◆ TO DO
With the pictures left out, print exactly the lines below that run from the one containing "雇用形態別で見ると、非正規雇" through the one containing "black/red tartan style".

(Excerpts from a dataset)
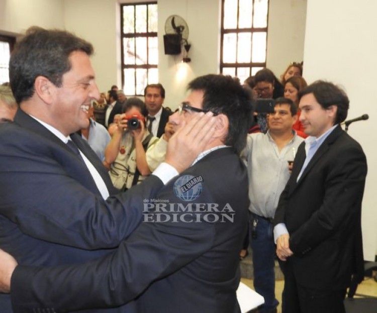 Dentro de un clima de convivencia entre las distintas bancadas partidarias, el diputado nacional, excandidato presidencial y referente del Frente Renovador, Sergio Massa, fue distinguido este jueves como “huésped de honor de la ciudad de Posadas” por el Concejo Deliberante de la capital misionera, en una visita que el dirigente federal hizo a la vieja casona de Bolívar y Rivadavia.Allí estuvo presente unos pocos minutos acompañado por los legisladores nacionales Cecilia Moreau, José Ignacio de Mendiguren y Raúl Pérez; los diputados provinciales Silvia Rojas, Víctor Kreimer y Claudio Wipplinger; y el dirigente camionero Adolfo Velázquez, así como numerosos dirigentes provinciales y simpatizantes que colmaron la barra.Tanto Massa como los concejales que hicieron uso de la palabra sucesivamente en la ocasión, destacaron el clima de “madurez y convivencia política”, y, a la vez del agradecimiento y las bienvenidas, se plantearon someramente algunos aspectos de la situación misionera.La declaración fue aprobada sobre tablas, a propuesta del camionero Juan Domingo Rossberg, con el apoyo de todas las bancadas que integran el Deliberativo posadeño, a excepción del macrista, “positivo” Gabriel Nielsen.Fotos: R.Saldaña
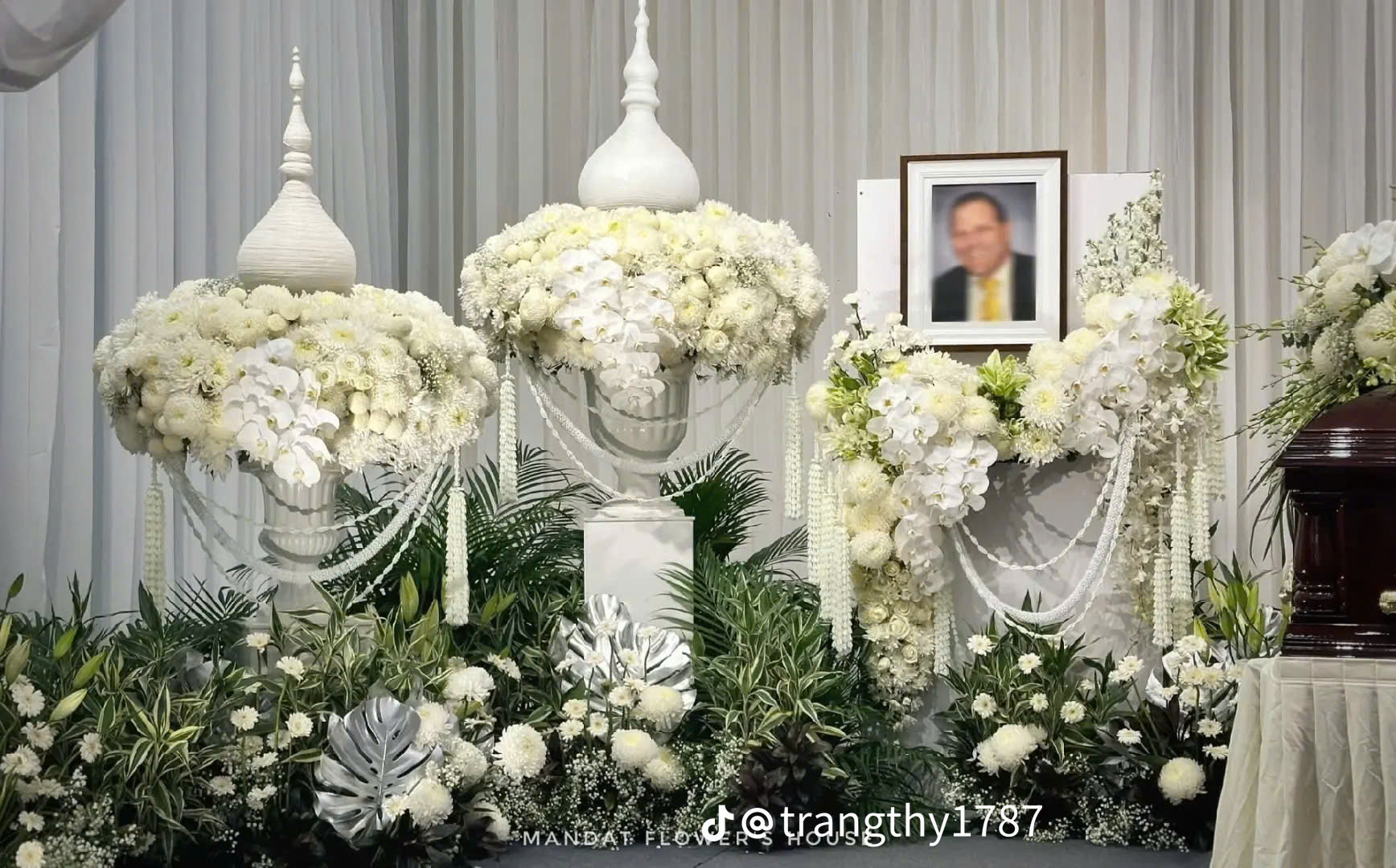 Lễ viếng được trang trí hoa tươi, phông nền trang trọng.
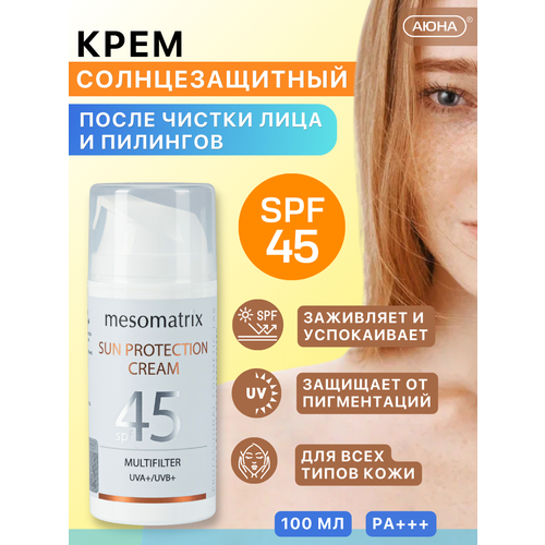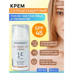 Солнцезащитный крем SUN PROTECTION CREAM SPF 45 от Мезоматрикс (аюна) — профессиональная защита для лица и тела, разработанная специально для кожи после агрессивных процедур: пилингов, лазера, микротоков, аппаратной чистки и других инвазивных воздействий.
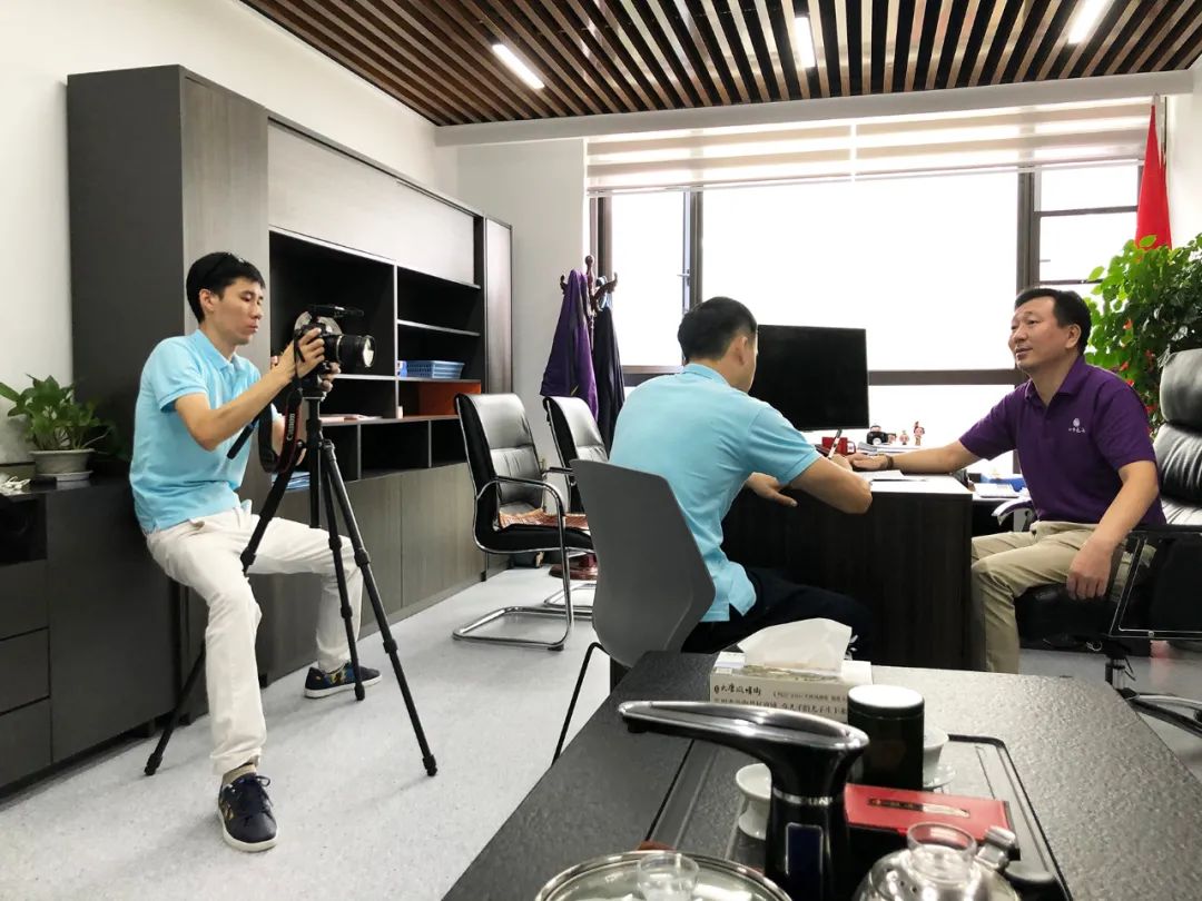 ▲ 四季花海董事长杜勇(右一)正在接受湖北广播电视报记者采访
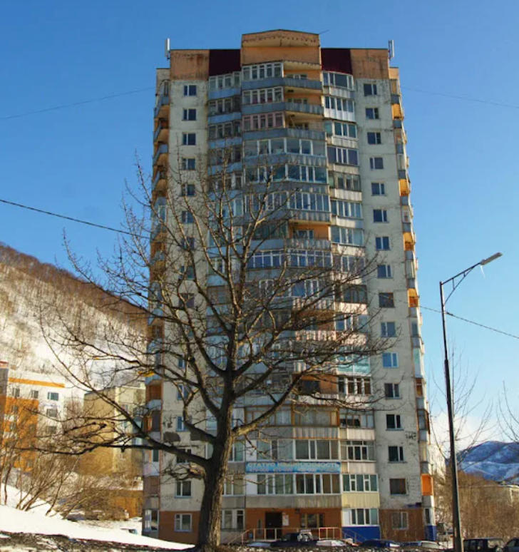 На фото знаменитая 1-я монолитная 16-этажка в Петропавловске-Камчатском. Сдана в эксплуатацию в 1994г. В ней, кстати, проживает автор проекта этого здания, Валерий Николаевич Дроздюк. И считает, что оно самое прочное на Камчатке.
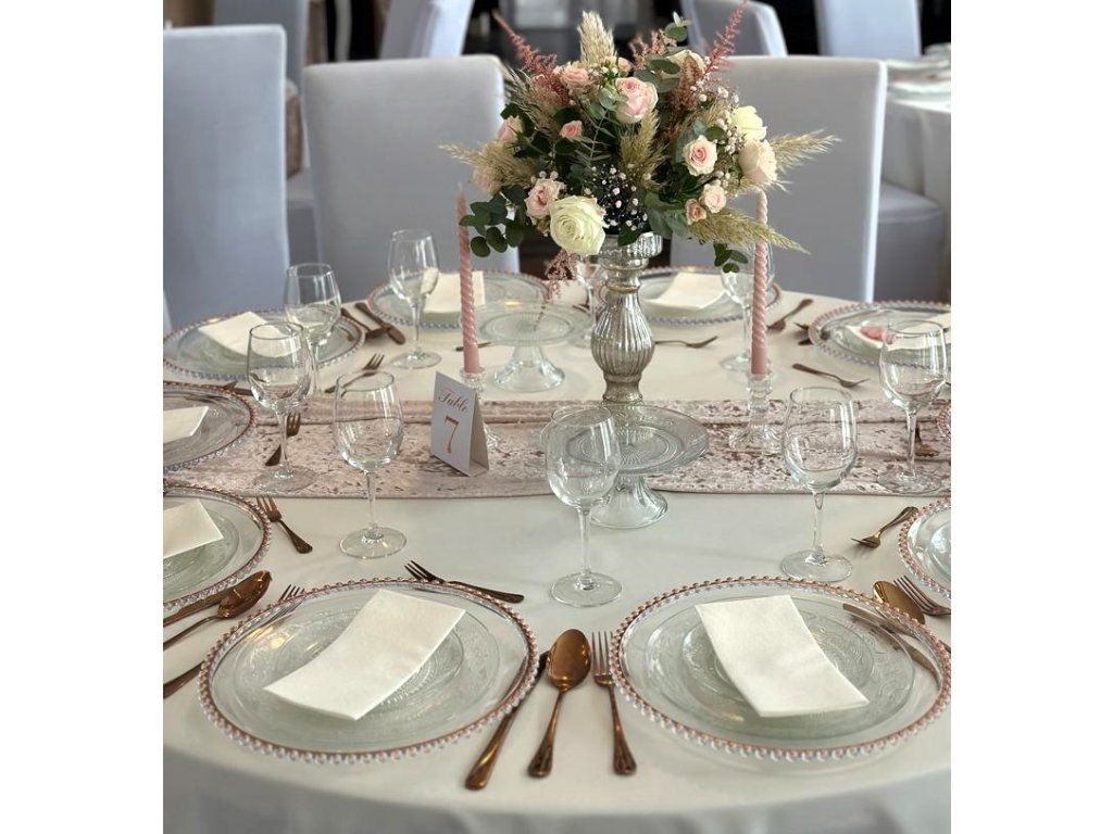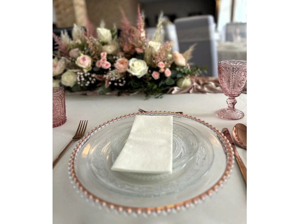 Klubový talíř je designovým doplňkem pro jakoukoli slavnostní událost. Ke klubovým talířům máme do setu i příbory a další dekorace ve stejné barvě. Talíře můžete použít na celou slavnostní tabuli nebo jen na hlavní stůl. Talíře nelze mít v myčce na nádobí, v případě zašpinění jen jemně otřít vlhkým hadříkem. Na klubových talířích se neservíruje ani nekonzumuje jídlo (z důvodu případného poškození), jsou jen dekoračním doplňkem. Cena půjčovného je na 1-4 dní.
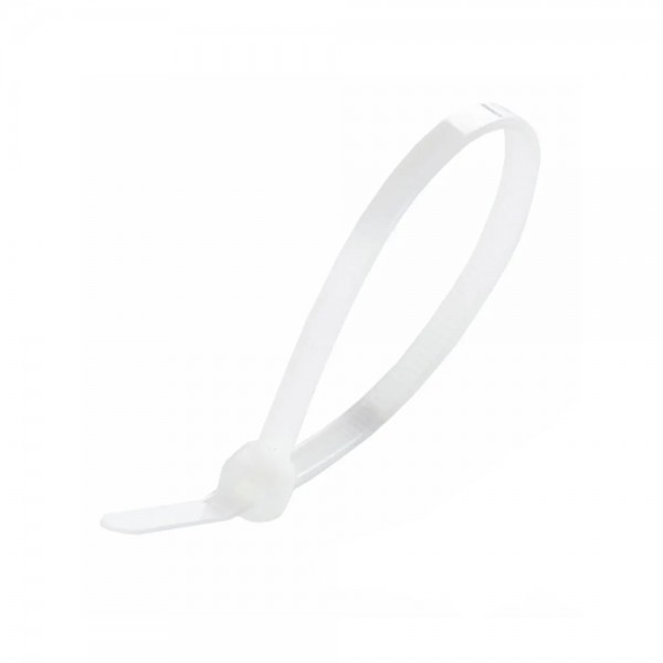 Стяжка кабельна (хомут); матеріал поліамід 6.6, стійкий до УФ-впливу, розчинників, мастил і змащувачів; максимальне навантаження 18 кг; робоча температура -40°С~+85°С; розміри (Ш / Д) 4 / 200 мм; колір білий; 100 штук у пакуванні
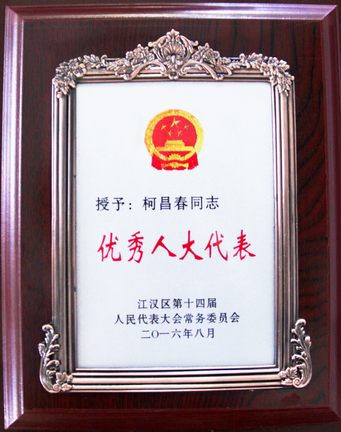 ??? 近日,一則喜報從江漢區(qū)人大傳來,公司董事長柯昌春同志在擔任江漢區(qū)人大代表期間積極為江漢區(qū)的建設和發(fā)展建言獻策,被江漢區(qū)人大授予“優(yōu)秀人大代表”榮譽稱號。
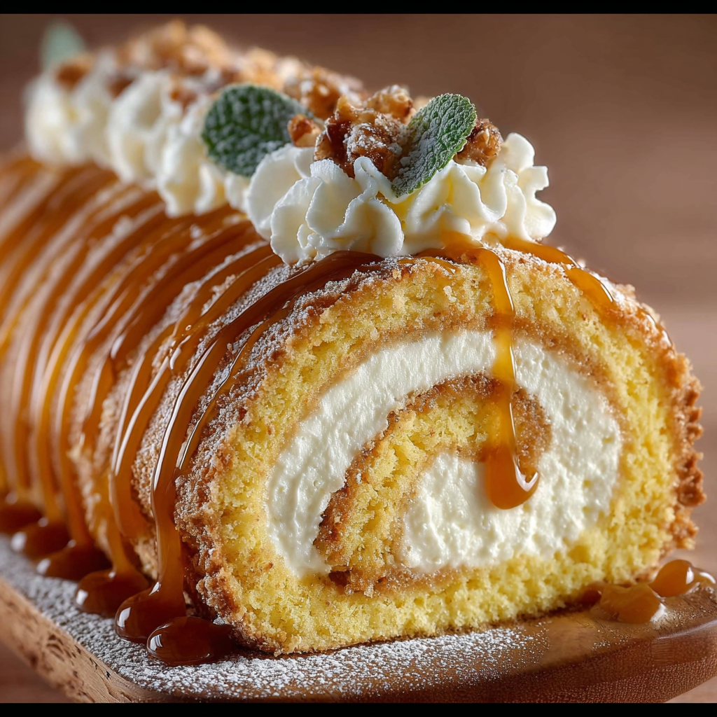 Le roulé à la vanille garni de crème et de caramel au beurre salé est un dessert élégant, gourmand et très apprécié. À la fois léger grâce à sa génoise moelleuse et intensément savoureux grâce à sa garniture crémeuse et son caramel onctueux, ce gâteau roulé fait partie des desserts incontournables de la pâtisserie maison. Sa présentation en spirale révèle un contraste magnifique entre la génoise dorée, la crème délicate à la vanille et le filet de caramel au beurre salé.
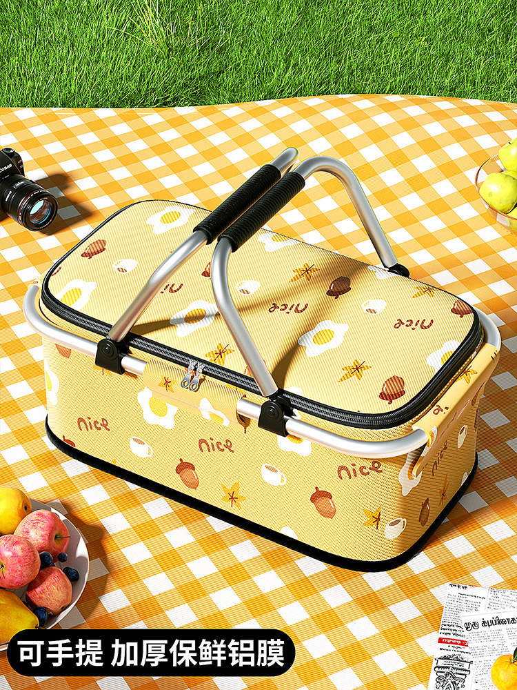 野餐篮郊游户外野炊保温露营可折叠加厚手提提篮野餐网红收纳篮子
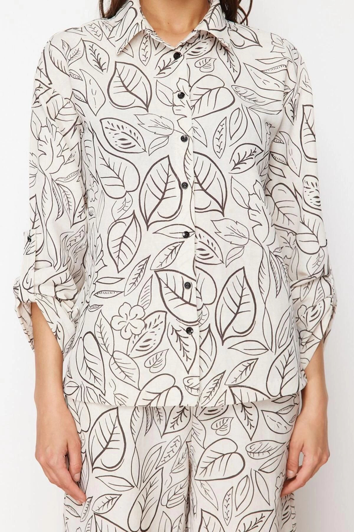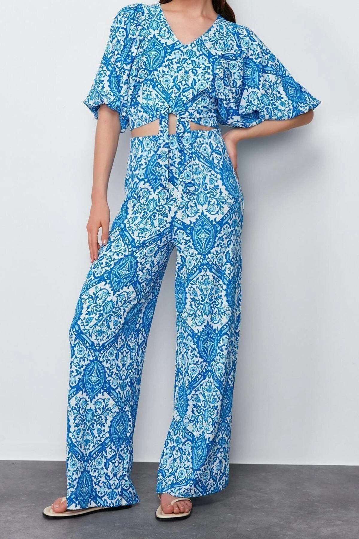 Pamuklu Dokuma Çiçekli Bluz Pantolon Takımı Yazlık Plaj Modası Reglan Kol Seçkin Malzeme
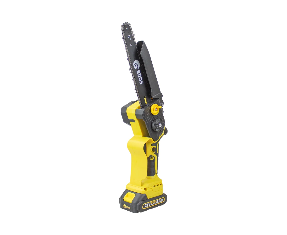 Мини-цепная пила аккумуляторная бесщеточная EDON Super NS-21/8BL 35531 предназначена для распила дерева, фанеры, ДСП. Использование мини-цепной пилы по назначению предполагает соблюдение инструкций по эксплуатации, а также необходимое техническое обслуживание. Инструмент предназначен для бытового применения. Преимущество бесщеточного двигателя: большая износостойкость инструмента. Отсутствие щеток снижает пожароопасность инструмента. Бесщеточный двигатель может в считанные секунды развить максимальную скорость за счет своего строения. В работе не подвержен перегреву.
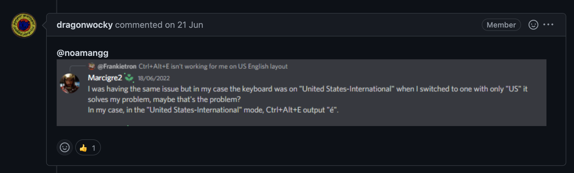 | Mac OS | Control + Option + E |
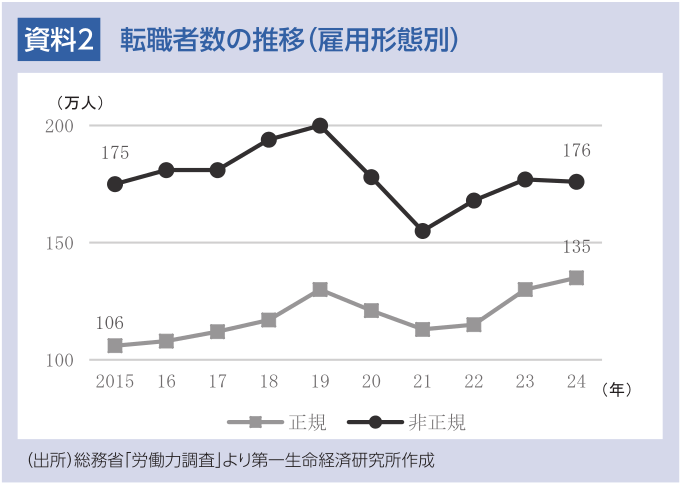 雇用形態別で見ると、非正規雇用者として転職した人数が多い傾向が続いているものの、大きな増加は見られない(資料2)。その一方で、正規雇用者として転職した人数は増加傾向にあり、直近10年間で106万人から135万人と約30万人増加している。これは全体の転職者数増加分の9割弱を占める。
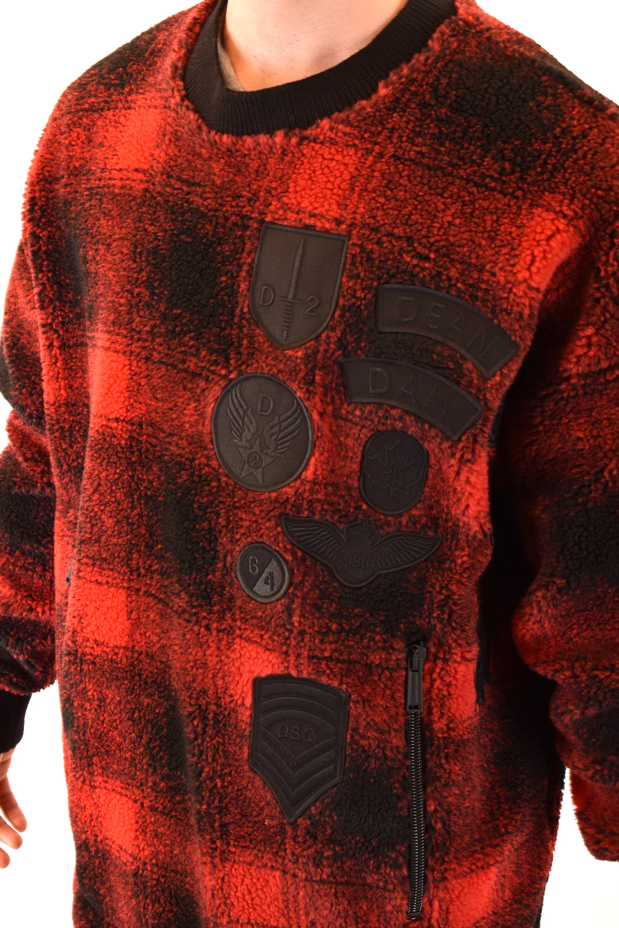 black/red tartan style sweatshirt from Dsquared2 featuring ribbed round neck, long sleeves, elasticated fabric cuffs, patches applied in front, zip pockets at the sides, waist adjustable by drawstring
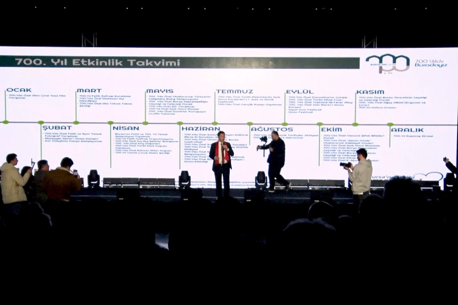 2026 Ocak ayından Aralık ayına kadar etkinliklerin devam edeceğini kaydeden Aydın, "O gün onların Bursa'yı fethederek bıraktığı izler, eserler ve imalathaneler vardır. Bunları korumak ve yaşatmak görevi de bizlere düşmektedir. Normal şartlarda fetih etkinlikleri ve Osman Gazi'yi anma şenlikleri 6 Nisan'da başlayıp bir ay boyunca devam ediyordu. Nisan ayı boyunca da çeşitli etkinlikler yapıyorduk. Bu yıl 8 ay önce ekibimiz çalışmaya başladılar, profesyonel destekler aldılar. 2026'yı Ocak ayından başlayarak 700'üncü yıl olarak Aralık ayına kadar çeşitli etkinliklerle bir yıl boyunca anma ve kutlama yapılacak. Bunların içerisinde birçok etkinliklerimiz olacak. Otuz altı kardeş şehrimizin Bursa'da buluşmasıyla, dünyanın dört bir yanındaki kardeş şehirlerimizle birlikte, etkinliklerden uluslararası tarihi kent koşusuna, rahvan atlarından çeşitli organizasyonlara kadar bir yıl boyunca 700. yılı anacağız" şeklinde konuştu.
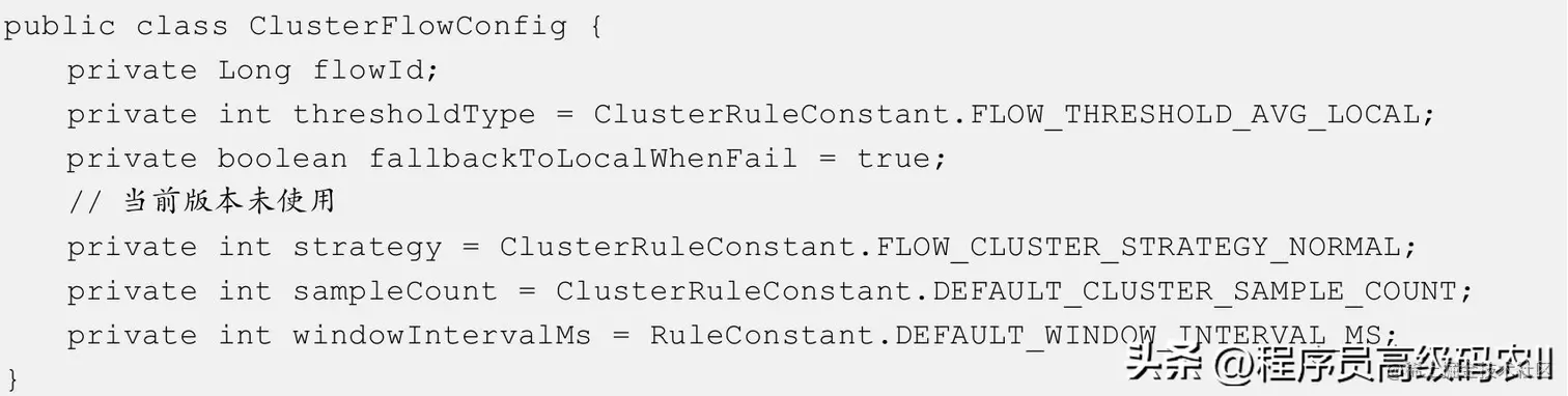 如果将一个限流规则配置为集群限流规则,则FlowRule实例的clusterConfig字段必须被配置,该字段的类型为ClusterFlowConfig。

◆ ANSWER BOX
 雇用形態別で見ると、非正規雇用者として転職した人数が多い傾向が続いているものの、大きな増加は見られない(資料2)。その一方で、正規雇用者として転職した人数は増加傾向にあり、直近10年間で106万人から135万人と約30万人増加している。これは全体の転職者数増加分の9割弱を占める。
 black/red tartan style sweatshirt from Dsquared2 featuring ribbed round neck, long sleeves, elasticated fabric cuffs, patches applied in front, zip pockets at the sides, waist adjustable by drawstring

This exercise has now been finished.